What does mean a lot to Schimmel is helping other people with cancer. Listening to comedy and music helped Schimmel get through chemotherapy, so he is asking fans to bring new or used comedy and music CDs or audio books to the Improv, which he will donate, along with CD players, to local cancer treatment centers.

Comedians always complain about life on the road —Steve Martin once said it was like rock and roll without the chicks — but Schimmel relishes it. “I just finished 14 weeks on the road. I live for it. I can’t imagine not doing it, like I can’t imagine not breathing. I used to dream about it, so I still get goose bumps when I hear the emcee announce my name.

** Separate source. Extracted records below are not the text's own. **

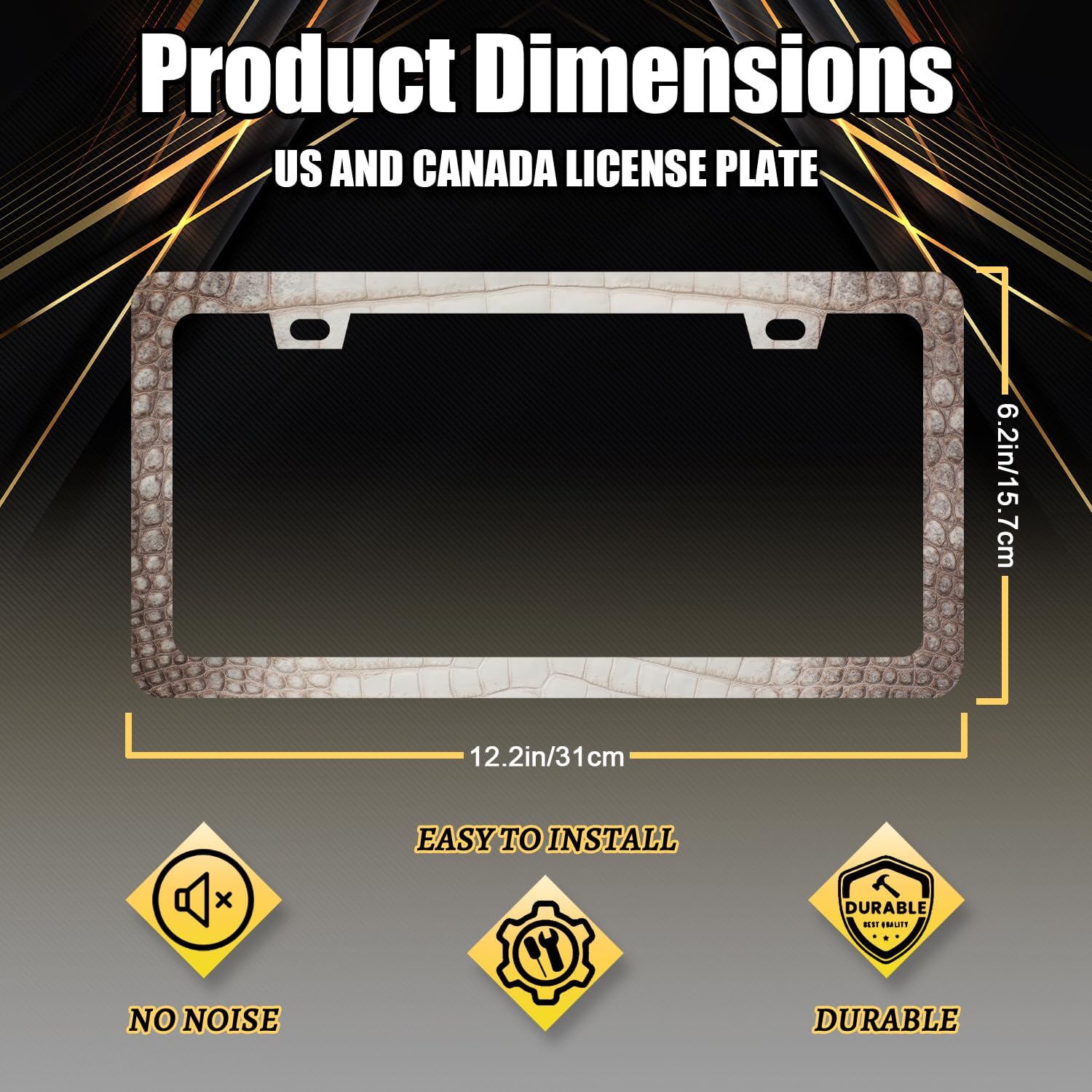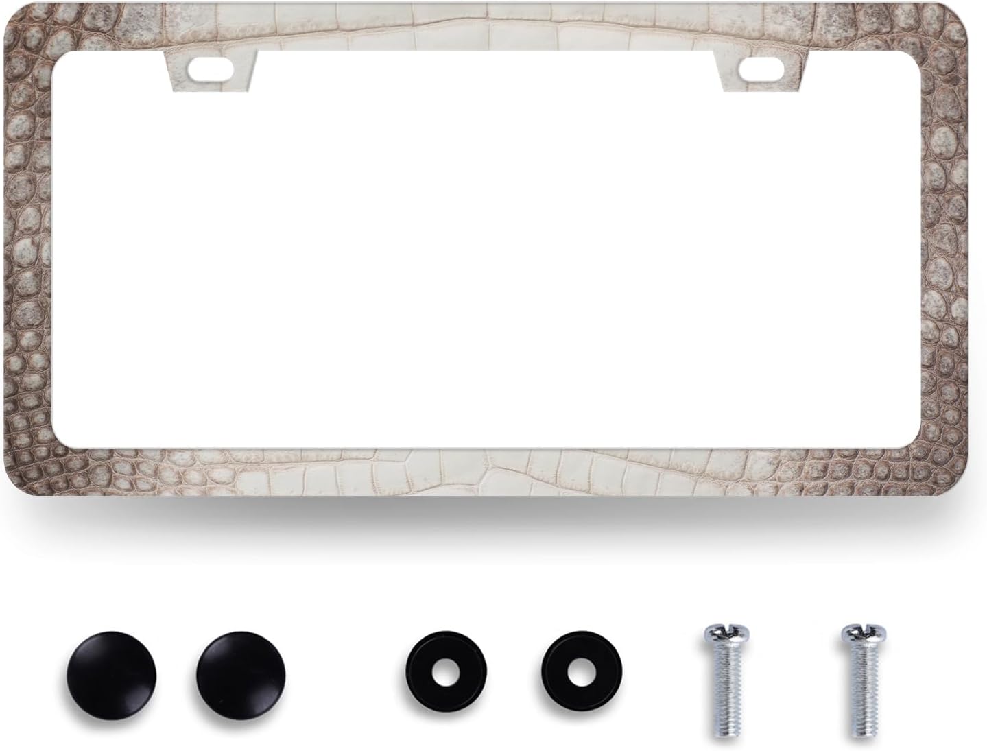 Crocodile Skin Print License Plate Frame Cool Animal Texture License Plate Holder Funny License Plate for Car Decoration Stainless Steel Car Accessory with Screws Men Women 12.3" x 6.3"
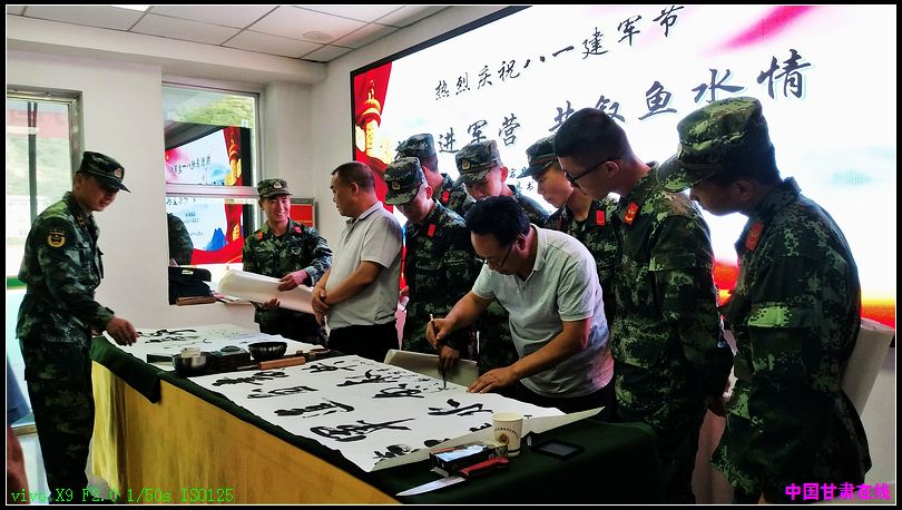 “八一”建军节即将来临之际,为了进一步丰富军营文化生活,让广大官兵近距离感受书法魅力,充分展现军民鱼水情。在武警宕昌县中队活动现场,12名书法协会的文艺志愿者即兴发挥,倾情创作,挥毫泼墨,对武警官兵的热爱和关心之情倾注于笔端,现场创作了40多幅书法作品赠送给官兵。“精忠报国”、“军民鱼水情”、“军魂”等一幅幅含墨饱满、大气磅礴、刚劲有力的书法作品一气呵成,让官兵们近距离感受了书法艺术的魅力。官兵们在翰墨佳作前驻足欣赏,细细品味,不时发出阵阵掌声。
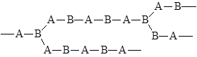 У полимеров другого типа (называемых сополимерами) соотношение двух различных звеньев [A] и [B] не постоянно, а расположение их в цепи обычно имеет случайный характер, например
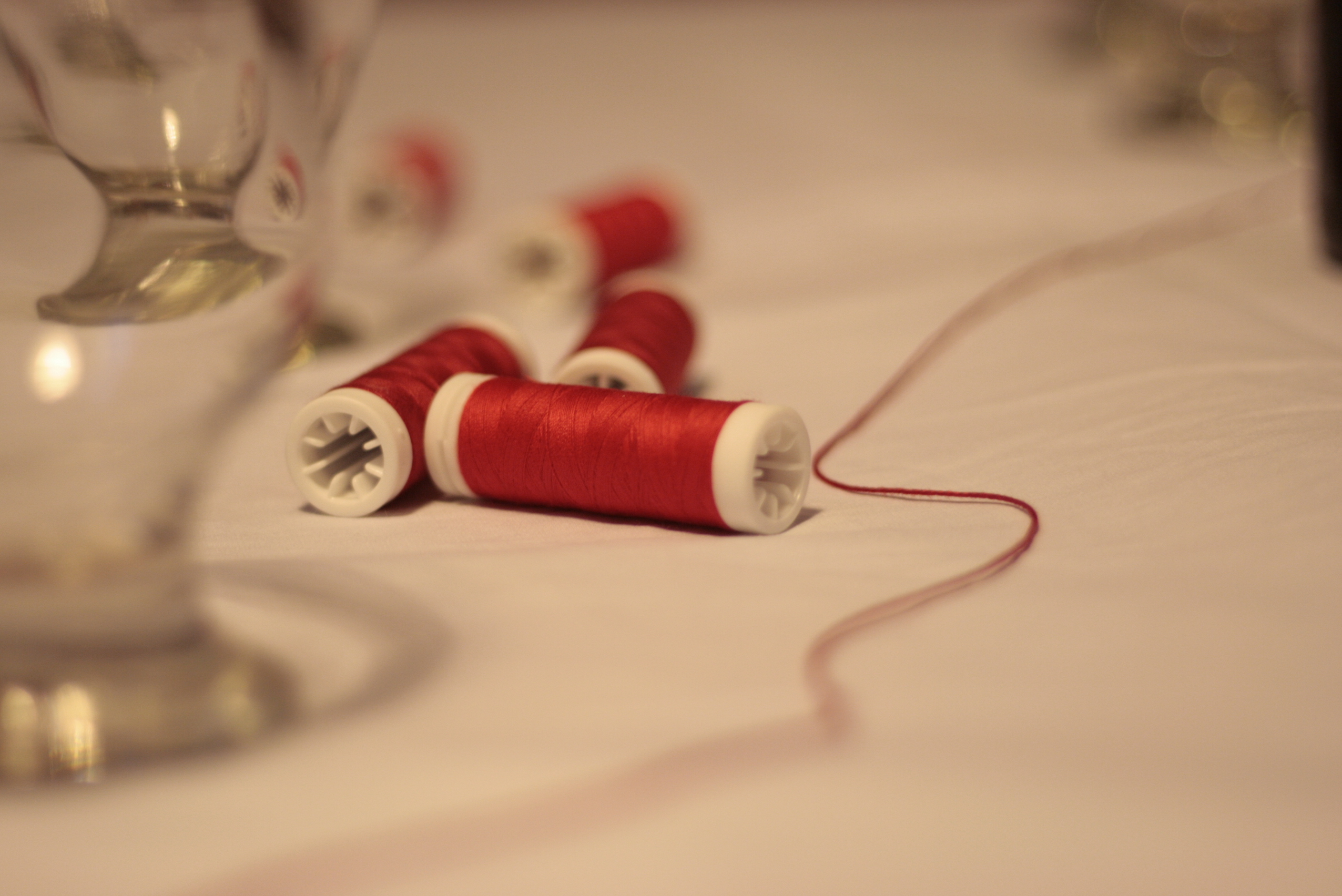 Copas vacías, medio llenas, dos botellas de tinto vacías, bobinas de hilo rojo.
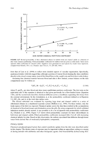 skin–water chemical partitioning. Fitted permeability coefficients for rainbow trout are given as solid circles. Open circles
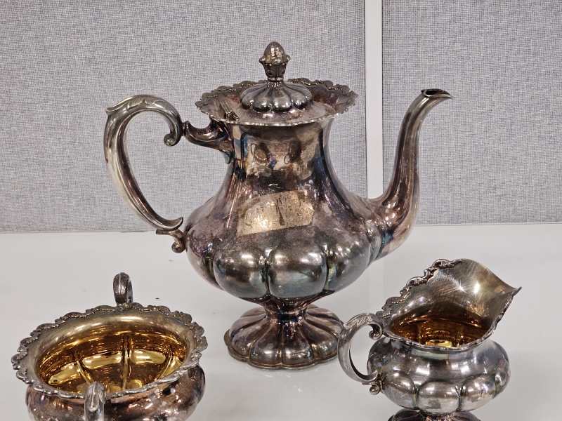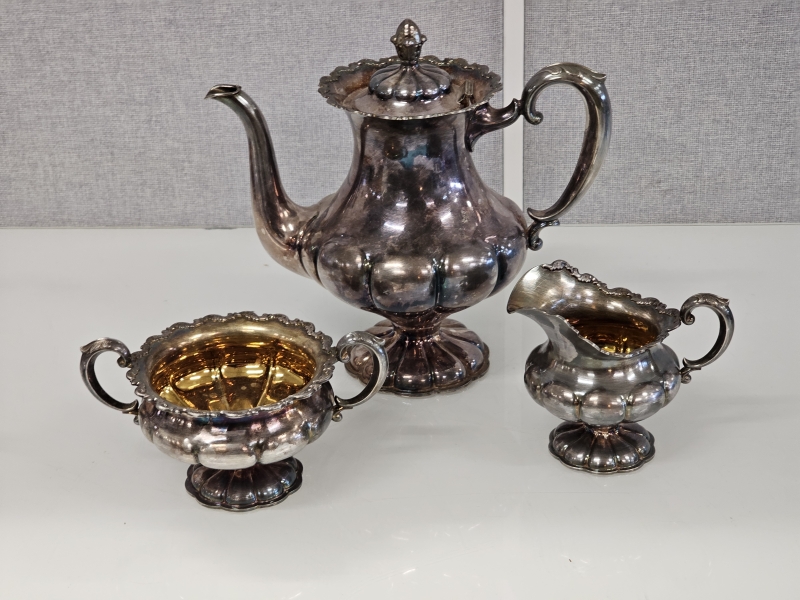 #1200 - Hopeinen 3-osainen kahvikalusto, 830h, 1002g

“Knowing you can make people forget about their problems for a little while — no matter if you’re a middle-aged, balding, pudgy Jewish guy that people wouldn’t give a second look at walking down the street. For that one hour, you’re Matt Damon and Brad Pitt.”

But don’t women always say they like a guy with a sense of humor? “Women say it’s number one,” he replies thoughtfully. “Guys usually think the dick is number one, and the sense of humor is number two.”